1. What is the direction of the electric field between two parallel plates?

The electric field between two parallel plates is always perpendicular to the plates. It points from the positive plate to the negative plate.

2. Does the direction of the electric field change if the plates are charged with opposite charges?

Yes, the direction of the electric field will change if the plates are charged with opposite charges.
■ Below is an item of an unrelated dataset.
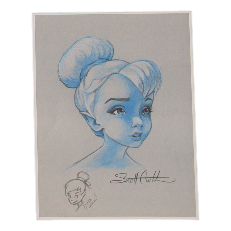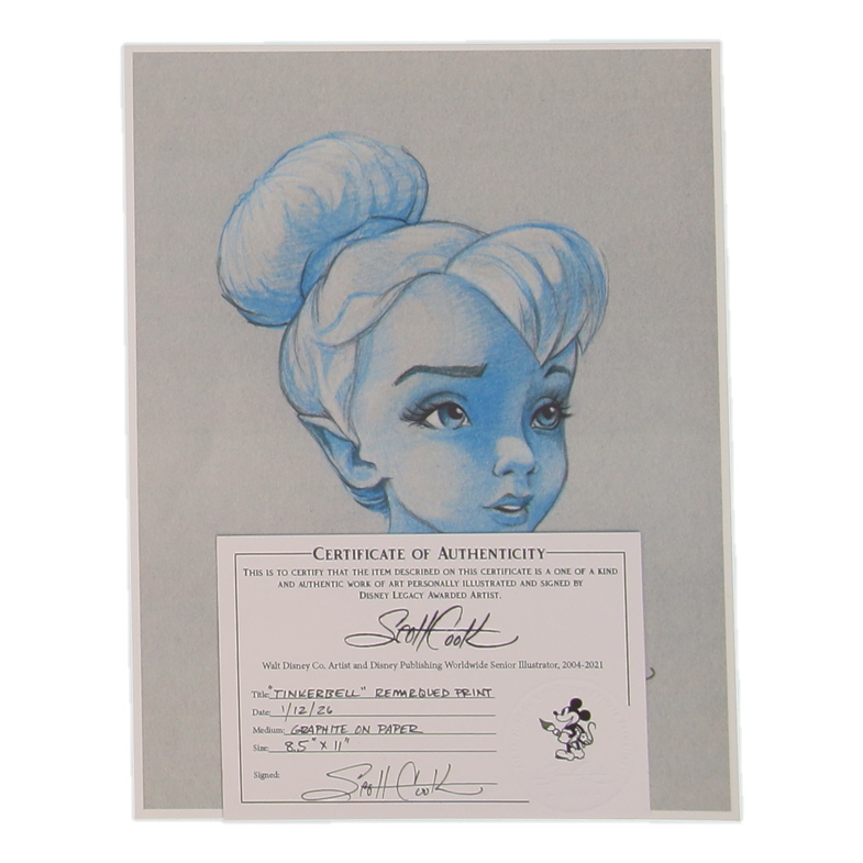 This original sketch using graphite and colored pencil includes original art which measures 8.5" x 11" by award winning Walt Disney artist, Scott Cook. The photo is hand-signed along with a character name inscription by the artist.
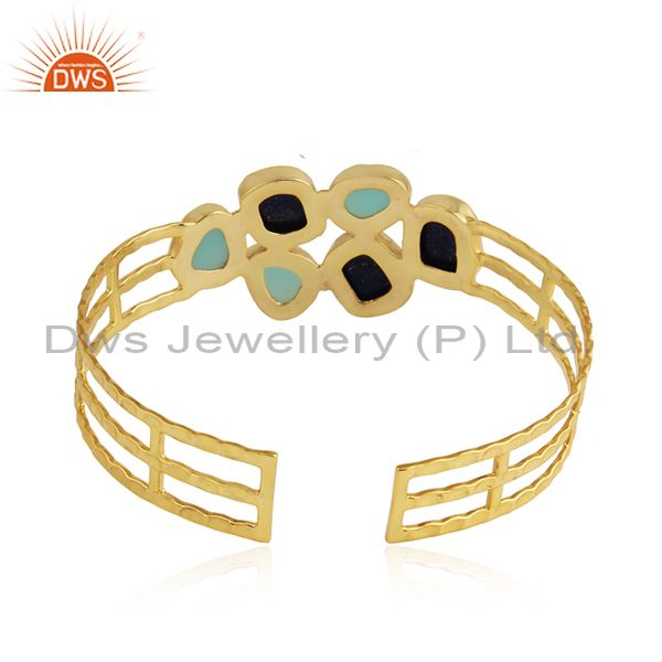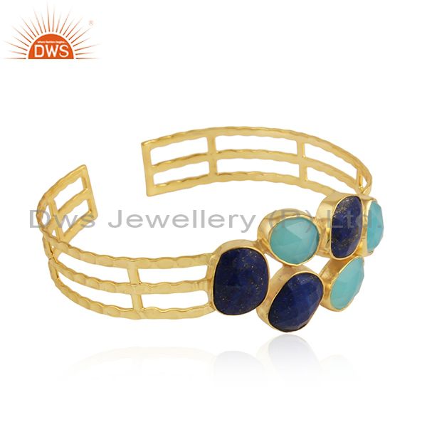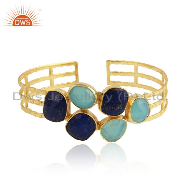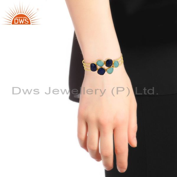 Aqua Chalcedony Lapis Gemstone Gold Plated Silver Bangles Jewelry

The electric field will still be perpendicular to the plates, but it will now point from the positively charged plate to the negatively charged plate.

3. How does the distance between the plates affect the direction of the electric field?

The distance between the plates has no effect on the direction of the electric field. The electric field will always be perpendicular to the plates, regardless of the distance between them.

4. Is the direction of the electric field the same inside and outside of the plates?

No, the direction of the electric field is different inside and outside of the plates. Inside the plates, the electric field is perpendicular to the plates and points from the positive to the negative plate. Outside the plates, the electric field is perpendicular to the surface of the plates and points away from the plates in all directions.

5. How is the direction of the electric field related to the potential difference between the plates?

The direction of the electric field is related to the potential difference between the plates through the equation E = V/d, where E is the electric field, V is the potential difference, and d is the distance between the plates. The electric field always points from a higher potential to a lower potential.